Two-phase commit is the classic protocol for achieving atomic transactions across multiple databases, services, or resource managers. The problem it solves is straightforward: when a business operation spans multiple data stores (e.g., debiting Account A in Database 1 and crediting Account B in Database 2), either both changes must be applied or neither. Without an atomic commit protocol, a failure between the two writes could leave the system in an inconsistent state -- money debited but not credited.

2PC works in two phases. In Phase 1 (Prepare/Vote), the coordinator sends a 'prepare' message to all participants. Each participant validates the transaction against its local constraints, acquires necessary locks, writes a prepare record to its WAL (write-ahead log), and responds with either 'yes' (ready to commit) or 'no' (abort). Importantly, after voting 'yes,' a participant has promised to commit if asked -- it must hold its locks and not unilaterally abort. In Phase 2 (Commit/Abort), if all participants voted 'yes,' the coordinator writes a commit decision to its own WAL and sends 'commit' to all participants. If any voted 'no,' the coordinator sends 'abort.' Participants apply or rollback the transaction and release their locks.

The fundamental weakness of 2PC is blocking on coordinator failure. If the coordinator crashes after receiving all 'yes' votes but before sending the commit/abort decision, all participants are stuck: they have voted 'yes,' are holding locks, and cannot proceed without the coordinator's decision. They cannot unilaterally commit (the coordinator might have decided to abort) or abort (the coordinator might have decided to commit). The participants must wait until the coordinator recovers, potentially blocking other transactions that need the locked resources. This blocking behavior can last seconds to hours depending on recovery time.
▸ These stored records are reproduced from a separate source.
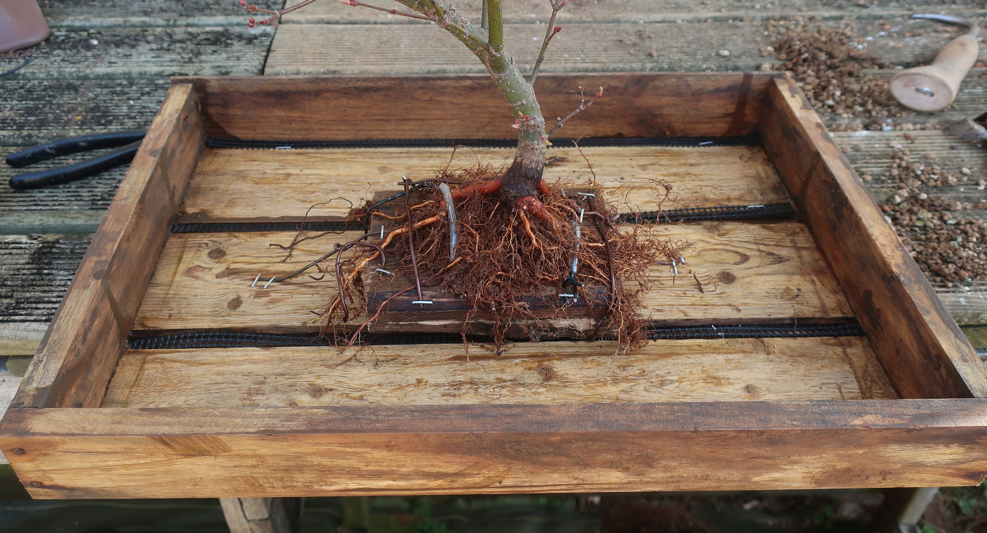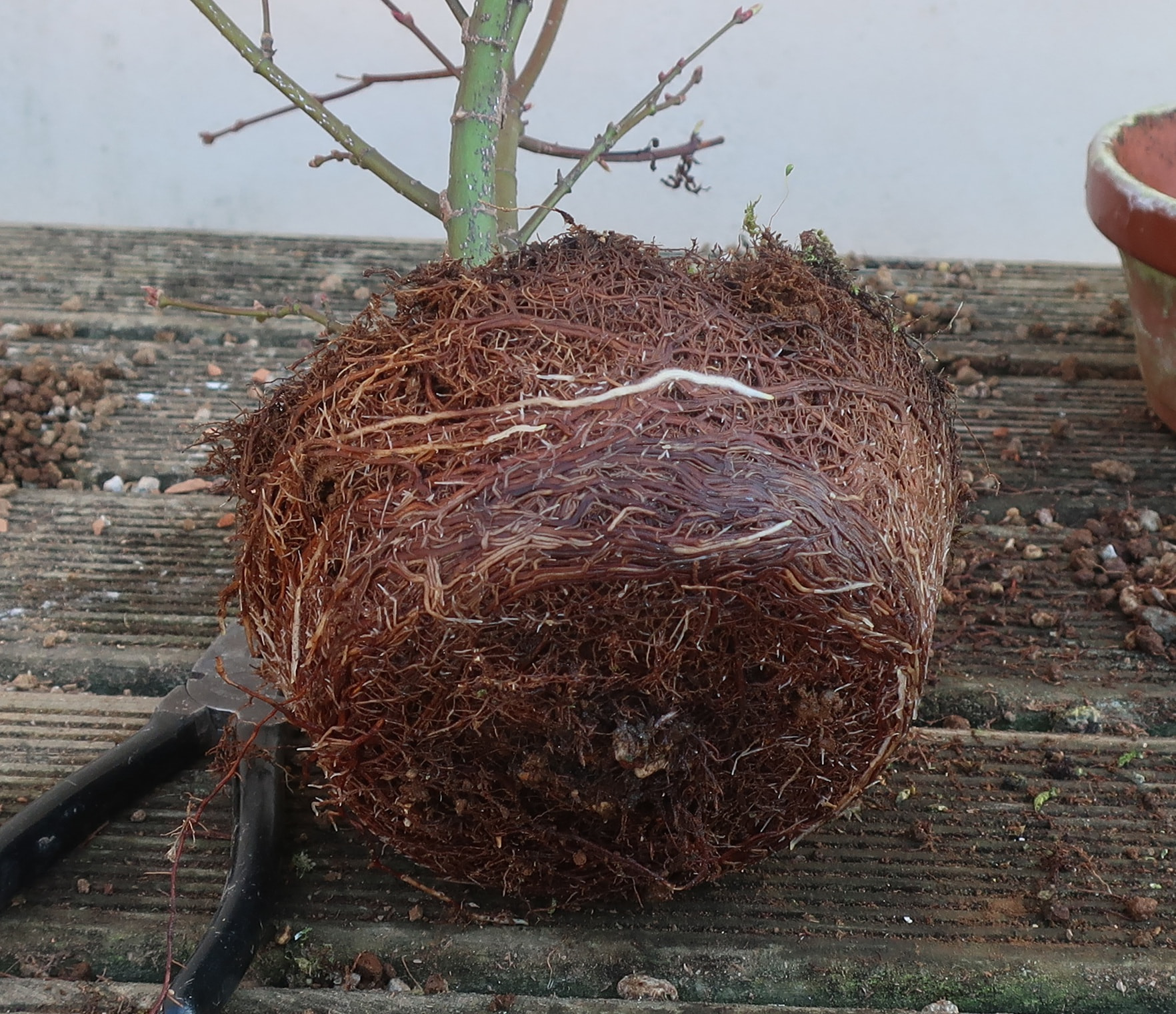 Fin fevrier, l’arbre a commencé à montrer des signe d’activité, donc je l’ai transpoté dans akadama (car le substrat d’origine me semblait trop rétenteur: terreau+ecorces) →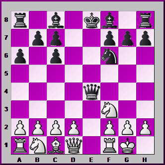 Just to be different, this time you're BLACK. The White Bishop on e2 is PINNED by the Black Queen. How can you use this to deliver CHECKMATE with your Knight?![]()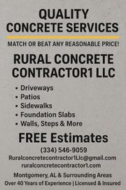 At Rural Concrete Contractor1 LLC, we are dedicated to providing high-quality concrete solutions With Over 40 Years Of Experience In Construction Mostly Concrete.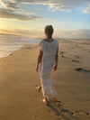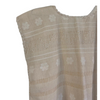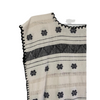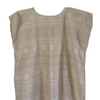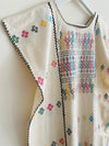 Delicado huipil con base cruda y bordados contraste en blanco, motivos geométricos y florales y pespunte vertical a tono. Realizados en...

Despite this limitation, 2PC is widely used for cross-database transactions in traditional enterprise systems via the XA protocol (X/Open Distributed Transaction Processing standard). The XA protocol defines a standard interface between a transaction manager (coordinator) and resource managers (participants -- databases, message queues). Java's JTA (Java Transaction API) and .NET's TransactionScope both use XA under the hood. However, 2PC is rarely used in microservices architectures because the blocking behavior, performance overhead, and tight coupling between services contradict microservice design principles. The Saga pattern has emerged as the preferred alternative.

Key Points
  • 12PC guarantees atomicity: either all participants commit or all abort. There is no state where some have committed and others have not (assuming no Byzantine failures and no permanent loss of the coordinator's WAL).
  • 2After voting 'yes,' a participant enters an 'in-doubt' state and must hold locks until the coordinator's decision arrives. This is the source of 2PC's blocking problem.
  • 3The coordinator's commit/abort decision is the 'point of no return.' Once written to the coordinator's WAL, the decision is final. Even if the coordinator crashes immediately after, upon recovery it will re-send the decision.
  • 43PC (three-phase commit) was designed to eliminate the blocking problem by adding a 'pre-commit' phase. However, 3PC does not work in asynchronous networks (it relies on timeout-based assumptions) and is rarely used in practice.
  • 5XA transactions use 2PC across heterogeneous databases. A Java application can atomically commit to both PostgreSQL and MySQL via a JTA transaction manager. The cost is increased latency (2 round-trips), held locks, and operational complexity.
  • 6The Saga pattern replaces 2PC in microservices by breaking a distributed transaction into a sequence of local transactions with compensating actions (undo operations). Sagas are non-blocking but provide weaker guarantees (eventual consistency, not atomicity).
Simple Example

Bank Transfer Between Two Databases

Transferring $100 from Bank A (Database 1) to Bank B (Database 2). The coordinator sends 'prepare: debit $100' to DB1 and 'prepare: credit $100' to DB2. DB1 checks Alice's balance (sufficient), locks the row, writes a prepare record, and responds 'yes.' DB2 does the same for Bob's account and responds 'yes.' The coordinator records 'commit' in its WAL and sends 'commit' to both. Both databases apply the changes and release locks. If DB1 had responded 'no' (insufficient funds), the coordinator would send 'abort' to both, and no money moves.

Real-World Examples

Google Spanner

Spanner uses an optimized variant of 2PC for cross-shard transactions. The Paxos leader of each shard acts as a participant. One shard is designated as the coordinator. Spanner reduces 2PC's latency by piggybacking the prepare phase on the Paxos replication of write intents. The coordinator also uses TrueTime to assign a globally consistent commit timestamp. Spanner's 2PC is less prone to blocking because each participant is itself a Paxos group -- if the coordinator node fails, its Paxos group elects a new leader that resumes the protocol.

MySQL + XA Transactions

MySQL supports XA (distributed) transactions via XA START, XA END, XA PREPARE, and XA COMMIT statements. An application transaction manager (like Atomikos or Narayana) coordinates 2PC across multiple MySQL instances. XA transactions in MySQL are significantly slower than local transactions due to the additional WAL fsync at prepare time and the lock-holding duration. MySQL's documentation recommends using XA only when cross-database atomicity is absolutely required.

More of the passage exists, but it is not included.